MongoDB Replication (Replica Sets)
MongoDB's replication feature allows us to create multiple copies of data to improve availability and reliability. A replica set is a group of MongoDB servers that includes a primary server and multiple secondary servers. The primary server handles all write operations, while the secondary servers replicate data from the primary server.
Basic Concepts
Replica Set Structure
A replica set typically consists of three types of servers:
- Primary: Handles all write operations and syncs data to secondary servers.
- Secondary: Replicates data from the primary server and handles read operations.
- Arbiter: Does not store data but only participates in the election of a new primary server.
Data Synchronization
When the primary server receives a write operation, it records the operation in the operation log (Oplog). Secondary servers periodically replicate the operation log from the primary server and execute these operations, thereby achieving data synchronization.
Failover
When the primary server fails, the replica set automatically performs a failover to elect a new primary server. The election process involves arbiters to ensure the validity of the election result.
Configuring a Replica Set
Initializing a Replica Set
// Connect to the primary server
mongo --host primary.example.com
// Initialize the replica set
rs.initiate({
_id: "myReplicaSet",
members: [
{ _id: 0, host: "primary.example.com:27017" },
{ _id: 1, host: "secondary1.example.com:27017" },
{ _id: 2, host: "secondary2.example.com:27017" }
]
})Adding Secondary Servers
// Add a secondary server
rs.add("secondary3.example.com:27017")
// Add an arbiter
rs.addArb("arbiter.example.com:27017")Checking Replica Set Status
// Check the status of the replica set
rs.status()Using a Replica Set
Connecting to a Replica Set
// Connect to the replica set
mongo --host myReplicaSet/primary.example.com,secondary1.example.com,secondary2.example.comRead Operations
By default, all read operations are handled by the primary server. We can specify the read preference using the readPreference option.

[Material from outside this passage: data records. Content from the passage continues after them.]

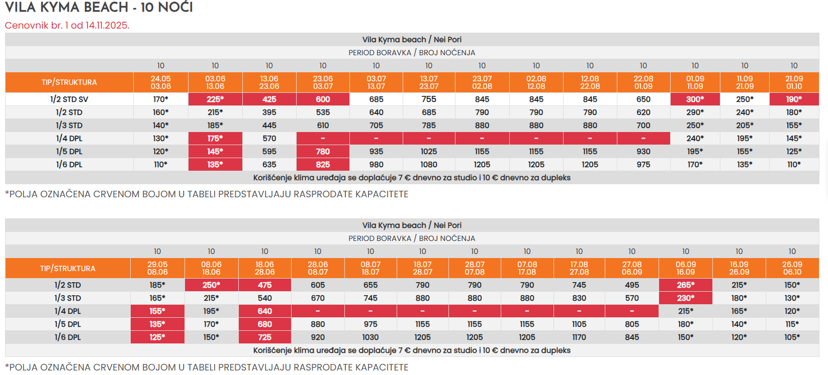Sve cene u tabelama date su u eurima, a plative su isključivo u dinarskoj protivvrednosti po srednjem kursu Narodne banke Srbije na dan uplate. Cena aranžmana garantovana je samo za uplaćeni deo ukupne sume, ostatak je podložan promeni u slučaju oscilacije kursa ili inflacije.
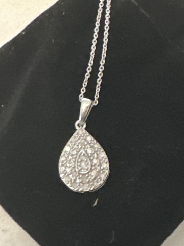 The teardrop cluster pendant necklace w/chain was bawled up and tossed into a very teeny tiny cloth BLACK color POUCH -- and shipped to me loose in large box along with the BLACK color sweater. Fell onto wood floor as I grabbed sweater out of box (glad I was barefoot ¬ near a floor register vent). First thought was just some random small bundle of trash. FOR REAL MACY's-- NOT so much this "BONUS jewelry item" -- BUT is the way you packed then shipped item out to me-- it was a big let down that I did not prepare myself would ever come from MACY's. bc I truly did think would be shipped to me in plain ole everyday MACY"s (cotton pad inside) cardboard box -for gift wrapping -- will get those complimentary small gift box at store counter no matter jewelry item or price point. but We still love you MACY's and Macy's dot com-- and always will.
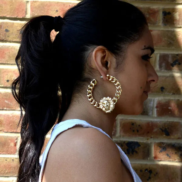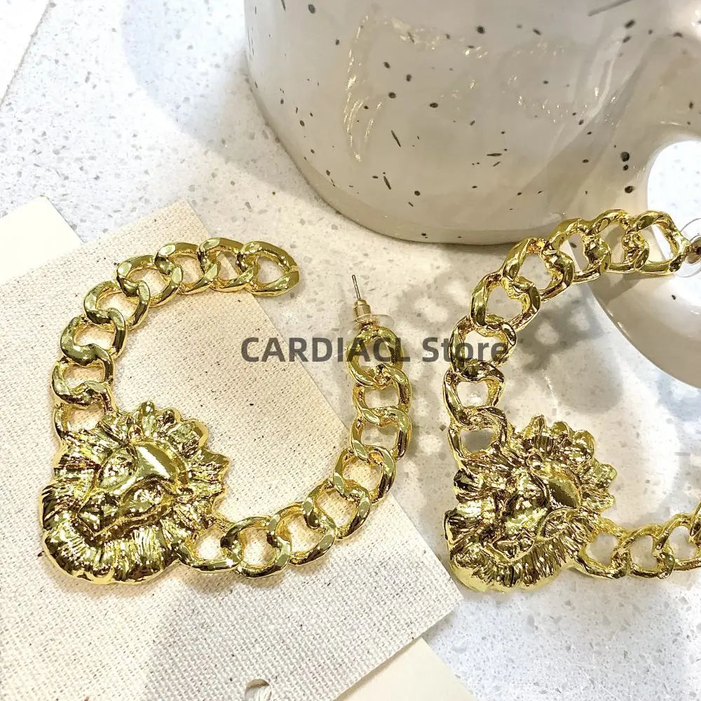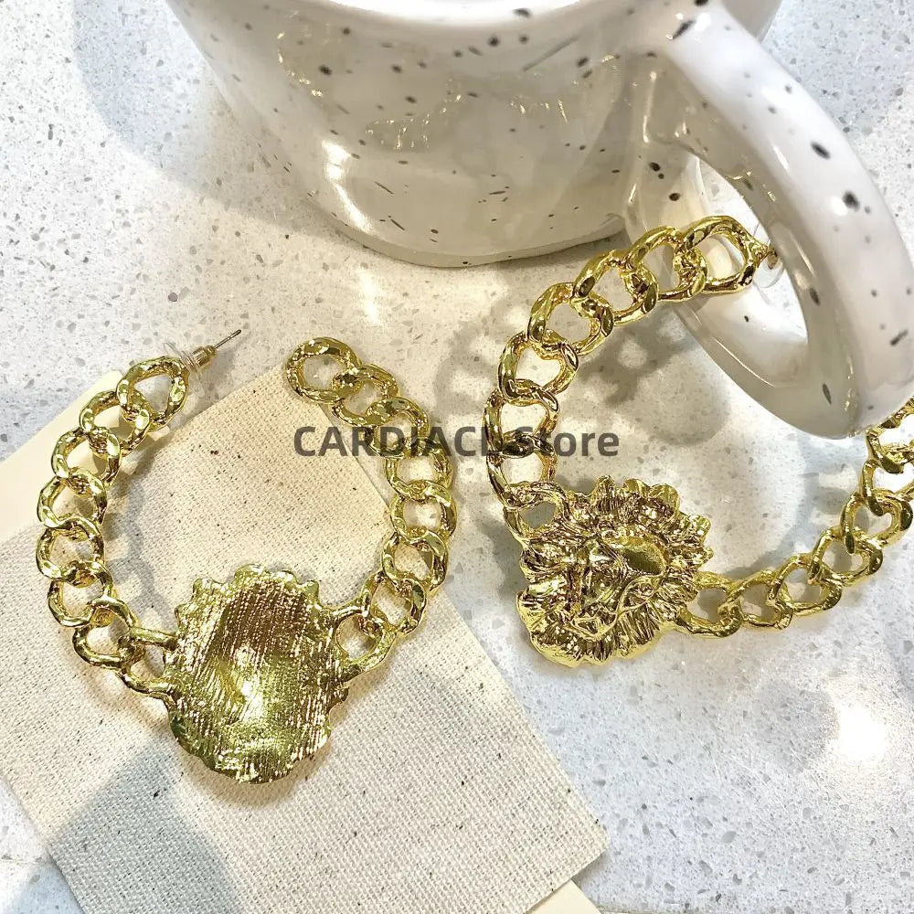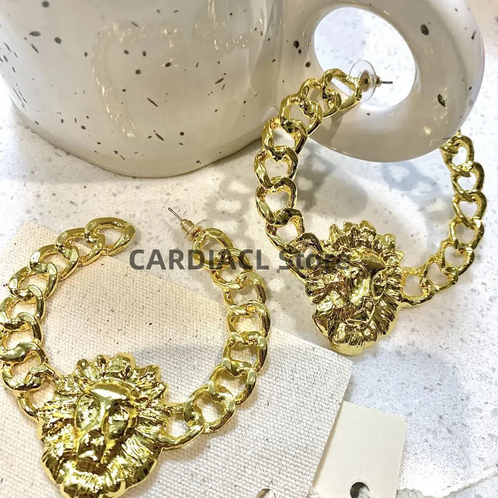 Add a touch of elegance to your look with these lion head stud earrings featuring an exaggerated drop oil design.
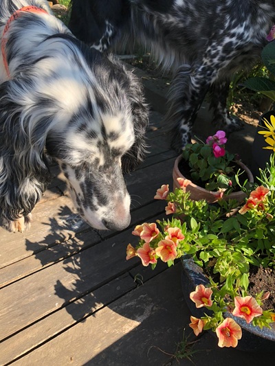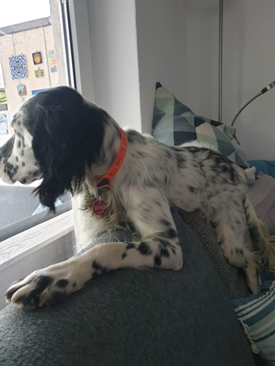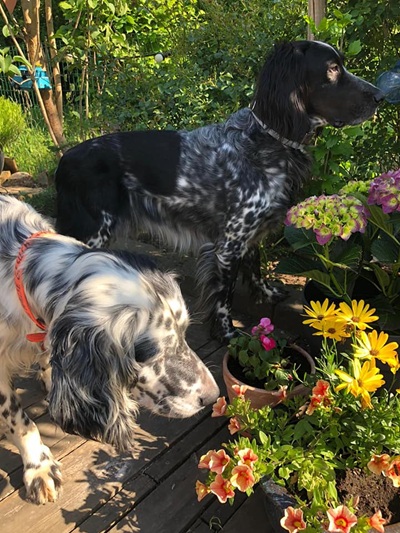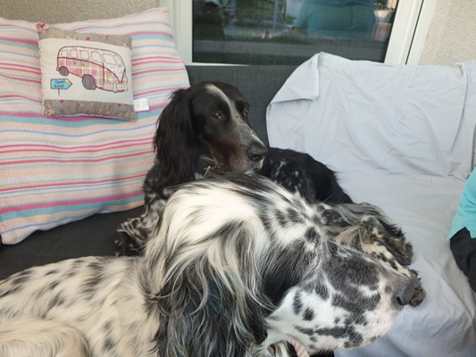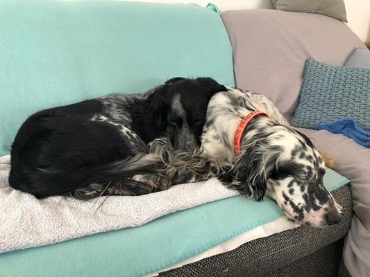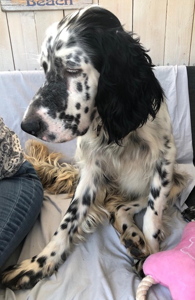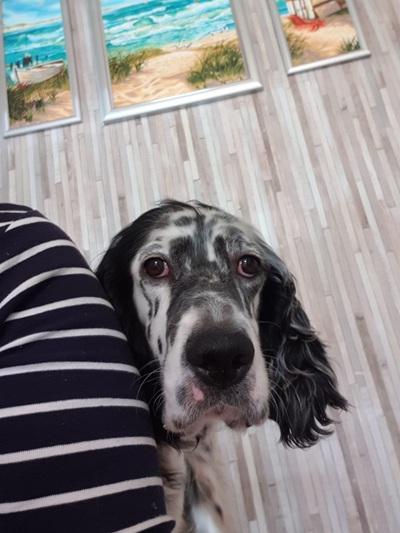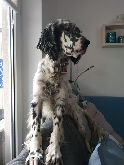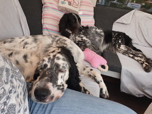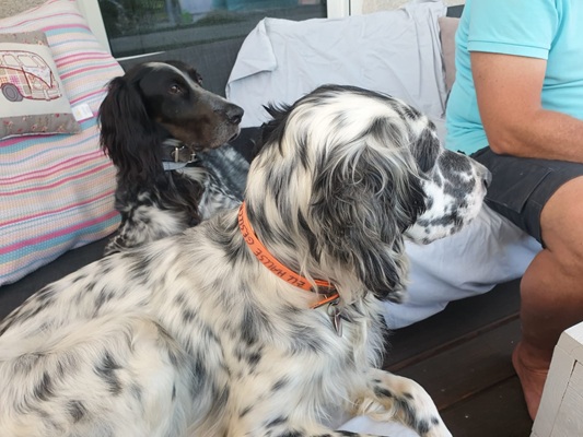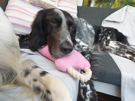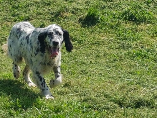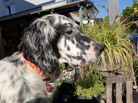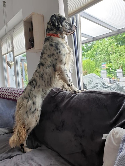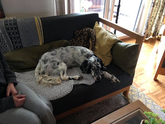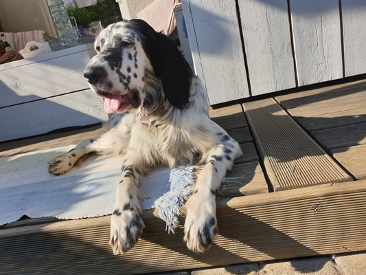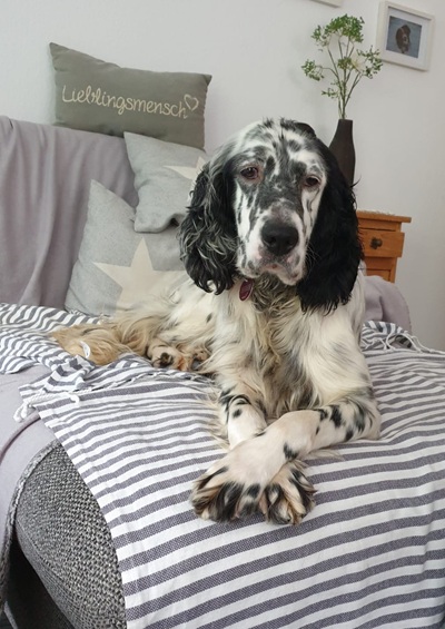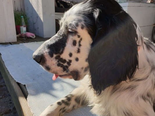 KOBA kam gesund und munter am 09. Mai 2020 im Setterland an. Sie war zunächst recht ängstlich und unsicher, doch traut sich am 2. Tag nach ihrer Ankunft sogar schon bis in die Küche. Draußen ist sie sehr vorsichtig. Menschen gegenüber ist sie sehr scheu und versucht wegzukommen. KOBA's Jagdinstinkt ist sehr ausgeprägt, sie liebt alles, was fliegt. Sie ist eine süsse und verschmuste Setterine.
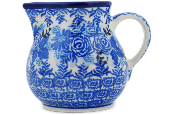 This Frosted Bouquet 7 oz Creamer was handmade and hand decorated in Boleslawiec, Poland by skilled artisans according to old traditional methods. This is a Polish pottery Signature Unikat, which means that it has been hand painted with both sponges and brushes and it is signed by the artist who painted it. Unikat pieces are the most intricate works of art. Larger Unikat items take hours of very careful work to finish. This Polish stoneware is microwave, dishwasher, freezer, and oven safe up to 480°F. It does not contain lead or cadmium. It is part of the Frosted Bouquet Collection.
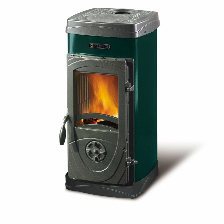 Peč na drva z vrati, zgornjim delom, podstavkom in okvirjem iz emajlirane litine. Pretresalnik rešetke. Kromirani medeninasti ročaji.
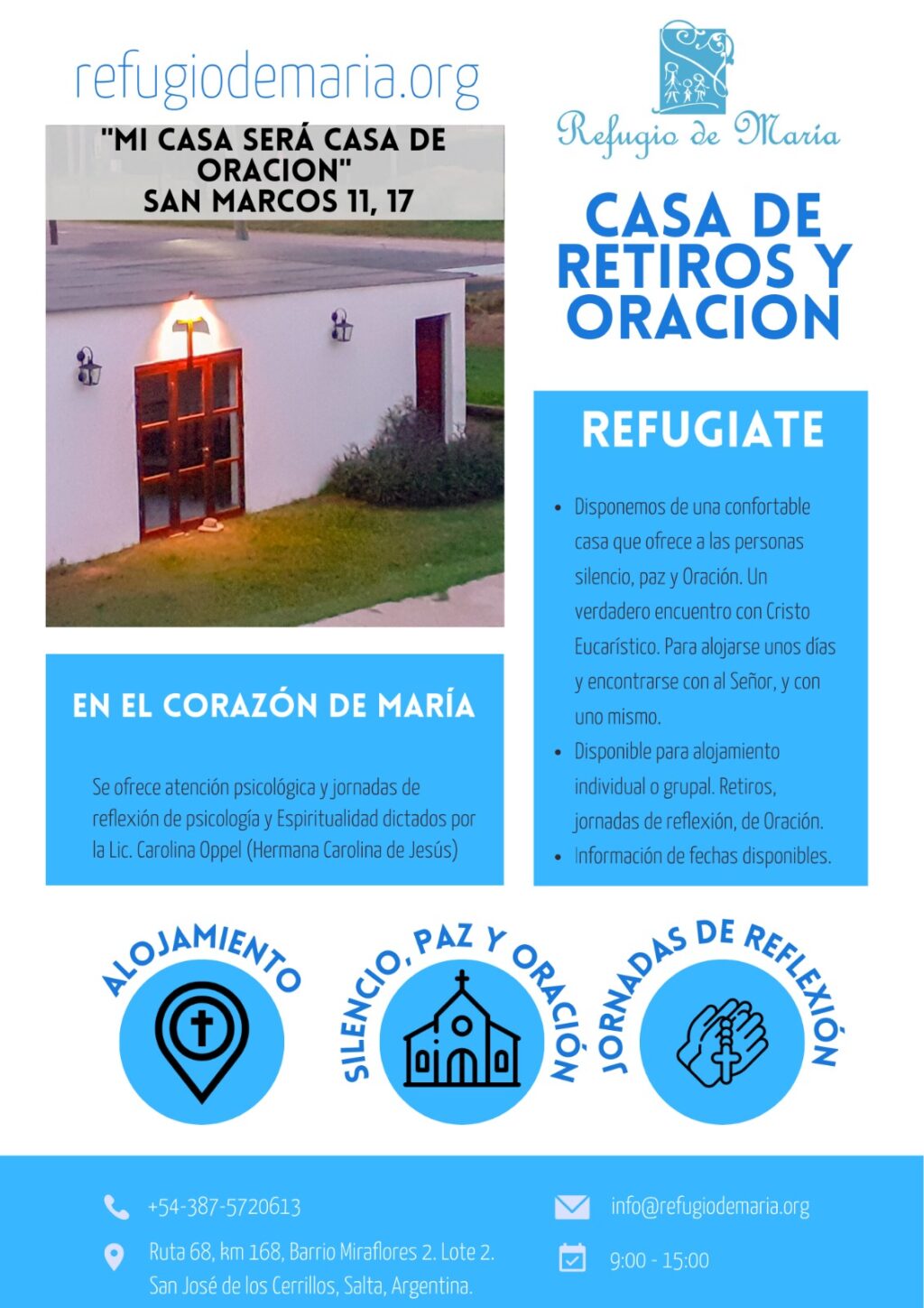 Casa de retiro de la Fundación Refugio de María (pertenecemos a la Iglesia Católica Apostólica y Romana) Disponemos de una confortable casa que ofrece a las personas silencio, paz y Oración. Un verdadero encuentro con Cristo Eucarístico. Para alojarse y tener un profundo encuentro con uno mismo, con la propia historia, con nuestras heridas y presentarse al Señor para ser sanado.

// Read from the primary server (default)
db.collection.find().readPref("primary")
// Read from primary or secondary servers
db.collection.find().readPref("primaryPreferred")
// Read from secondary servers
db.collection.find().readPref("secondary")
// Read from secondary servers, or primary if no secondary is available
db.collection.find().readPref("secondaryPreferred")
// Read from the nearest server
db.collection.find().readPref("nearest")Write Operations
All write operations are handled by the primary server. When the primary server processes a write operation, it records the operation in the operation log and syncs it to the secondary servers.
Disaster Recovery
Manual Failover
// Perform a manual failover
rs.stepDown(300)Recovering the Primary Server
When the original primary server recovers, it will join the replica set as a secondary server.
Performance Considerations
- Network Latency: The performance of a replica set depends on network latency. If network latency is high, data synchronization and failover times will be longer.
- Server Resources: The performance of a replica set depends on the resources of the servers. We should ensure that the servers have sufficient memory, CPU, and disk space.
- Oplog Size: The size of the operation log affects the performance of data synchronization. We can adjust the size of the operation log using the
oplogSizeMBoption.
Common Issues
Replication Lag
Replication lag is the time difference between the secondary servers and the primary server. If replication lag is too large, it may cause data inconsistency.
Election Failures
Election failures can cause the replica set to fail to work properly. We should ensure that there are enough arbiters and secondary servers participating in the election.
Summary
MongoDB's replication feature allows us to create multiple copies of data to improve availability and reliability. A replica set is a group of MongoDB servers that includes a primary server and multiple secondary servers. By using replica sets, we can achieve high data availability and disaster recovery. At the same time, we need to pay attention to performance factors such as network latency, server resources, and operation log size to ensure the efficient operation of the replica set.